ArraySplitter: De Novo Decomposition of Satellite DNA Arrays

Decomposes satellite DNA arrays into monomers within telomere-to-telomere (T2T) assemblies. Ideal for analyzing centromeric and pericentromeric regions on monomeric level.

Status: Production ready. Successfully handles arrays from kilobase to megabase scale.

Key Features:

  • De novo monomer identification without prior knowledge
  • Autocorrelation-based period detection for robust periodicity analysis
  • Automatic orientation to canonical form (A>T, C>G)
  • Deterministic output sorted by genomic coordinates
  • Multi-threaded processing

Performance: CHM13v2.0 assembly (~1300 alpha satellite arrays) processes in ~3.5 minutes (16 threads)

Installation

pip install arraysplitter

Or build from source:

cd src/rust/arraysplitter
cargo build --release

Quick Start

# Basic decomposition
arraysplitter -i arrays.fa -o output_prefix -t 16

# With predefined cut sequences
arraysplitter -i arrays.fa -o output_prefix -c ATG,CGCG -t 16

# Show version
arraysplitter --version

Understanding Key Metrics

orientation — Strand Direction

  • fwd = sequence kept as-is (canonical form: more A's than T's)
  • rev = sequence was reverse-complemented to canonical form

Why it matters: Satellite arrays on opposite strands appear as different sequences. Canonical orientation ensures consistent comparison across the genome.

ed_tmpl — Edit Distance to Template (Consensus)

Measures how different each monomer is from the consensus sequence of all monomers in the array.

  • Low ed_tmpl (0-5) = monomer is very similar to consensus → typical/canonical monomer
  • High ed_tmpl (>20) = monomer is divergent → possibly a variant, mutation hotspot, or misalignment

Use case: Filter out divergent monomers, identify conserved vs variable positions.

ed_prev / ed_next — Edit Distance to Neighbors

Measures how different each monomer is from its adjacent monomers (previous and next).

  • Low ed_prev/ed_next = adjacent monomers are similar → homogeneous region
  • High ed_prev/ed_next = sudden change → possible HOR boundary, structural variant, or sequence transition

Use case: Detect HOR structure boundaries, identify recombination breakpoints.

autocorr — Autocorrelation Score

Measures periodicity strength (0.0 to 1.0):

  • High autocorr (>0.7) = strong, regular periodicity → well-conserved tandem repeat
  • Medium autocorr (0.5-0.7) = detectable but irregular periodicity
  • Low autocorr (<0.5) = weak or no periodicity → degenerate or non-repetitive

cv — Coefficient of Variation

Standard deviation of monomer lengths divided by mean length:

  • Low cv (<0.1) = uniform monomer sizes → canonical repeat structure
  • High cv (>0.2) = variable sizes → insertions/deletions, heterogeneous array

ed_per_bp — Normalized Edit Distance

Edit distance divided by sequence length.
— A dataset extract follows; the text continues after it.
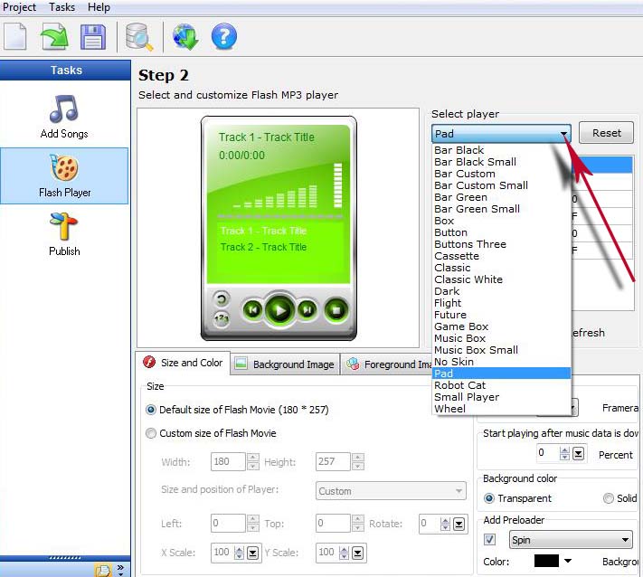 2.шаг выбираем из списка как будет выглядеть сам флеш плеер его расцветку размер и тд....
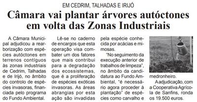 Câmara vai plantar árvores autóctones em volta das Zonas Industriais : em Cedrim, Talhadas e Irijó / Beira Vouga

Allows comparison across different monomer sizes:

  • 0.00-0.02 = highly conserved
  • 0.02-0.05 = moderately divergent
  • >0.05 = significantly divergent

Output Files

All output is deterministically sorted by chromosome and genomic position (chr1 → chr22 → chrX → chrY → chrM).

File Description
.decomposed.fasta Monomers with orientation info in headers
.hors.tsv HOR-level decomposition (16 columns)
.monomers.tsv Base-level monomers from recursive decomposition (17 columns)
.summary.tsv One-row-per-array summary with HOR and monomer statistics (24 columns)
.lengths Fragment lengths for each array

Summary TSV Columns (.summary.tsv)

One row per array combining HOR-level and monomer-level statistics. Useful for overview analysis.

Column Description
array_id Array identifier (chr_start_end_len_period_type)
array_length Total array length in bp
orientation fwd or rev (reverse complemented to canonical)
method Detection method used (autocorr, classic)
HOR-level stats
hor_period Detected HOR period in bp
hor_autocorr Autocorrelation at HOR period
hor_n_monomers Number of HOR-level monomers
hor_mean_ed_tmpl Mean edit distance to HOR consensus
hor_mean_ed_prev Mean edit distance between adjacent HORs
hor_cv Coefficient of variation for HOR lengths
hor_consensus Consensus sequence at HOR level
hor_iupac IUPAC ambiguity codes (bases ≥20% frequency)
hor_quality Per-position support (digit 0-9, 9=90-100%)
Monomer-level stats
mono_period Median base monomer period
mono_autocorr Mean autocorrelation at monomer level
mono_n_monomers Total number of base monomers
mono_mean_ed_tmpl Mean edit distance to monomer consensus
mono_mean_ed_prev Mean edit distance between adjacent monomers
mono_cv Mean coefficient of variation
mono_consensus Consensus sequence at monomer level
mono_iupac IUPAC ambiguity codes
mono_quality Per-position support
cut_sequence Anchor k-mer used for splitting
period_classes Base monomer size classes: period:count,... sorted by count desc (e.g., 171:85 = homogeneous, 171:85,2420:3 = heterogeneous)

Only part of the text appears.